Samsung Fire & Marine Insurance Expects Double-Digit Profit Growth This Year... Focus on Improvement in Auto Insurance Loss Ratio
[Asia Economy Reporter Park Jihwan] Hyundai Motor Securities on the 20th issued a 'Buy' investment opinion and set a target price of 237,000 KRW for Samsung Fire & Marine Insurance, expecting double-digit profit growth to continue this year.
Kim Jinsang, a researcher at Hyundai Motor Securities, analyzed that Samsung Fire & Marine Insurance's loss ratio and expense ratio in the fourth quarter of last year fell by 2.7 percentage points and 1.5 percentage points respectively compared to the same period last year, significantly improving insurance operating profit.
He particularly focused on the improvement trend in the automobile insurance loss ratio.
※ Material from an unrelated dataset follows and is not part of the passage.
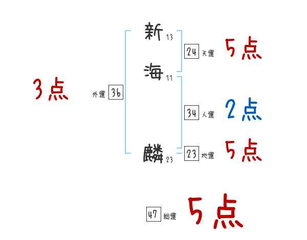 外運![]() | 新海麟さんの外運は36画の3つ星!先見性が豊かです。多少神経質で苦労することも。 生活面を象徴する運勢です。外部から受ける影響力を表し、結婚運、家庭運や職場、環境への順応性を表します。 |

In the fourth quarter of last year, Samsung Fire & Marine Insurance's automobile insurance loss ratio and expense ratio decreased by 12.9 percentage points and 0.8 percentage points respectively compared to the same period last year, driving the overall combined ratio improvement. The automobile insurance loss ratio improved due to a decrease in accident rates and the effect of rate increases, while the expense ratio was effectively reduced by the expansion of direct sales proportion and cost efficiency.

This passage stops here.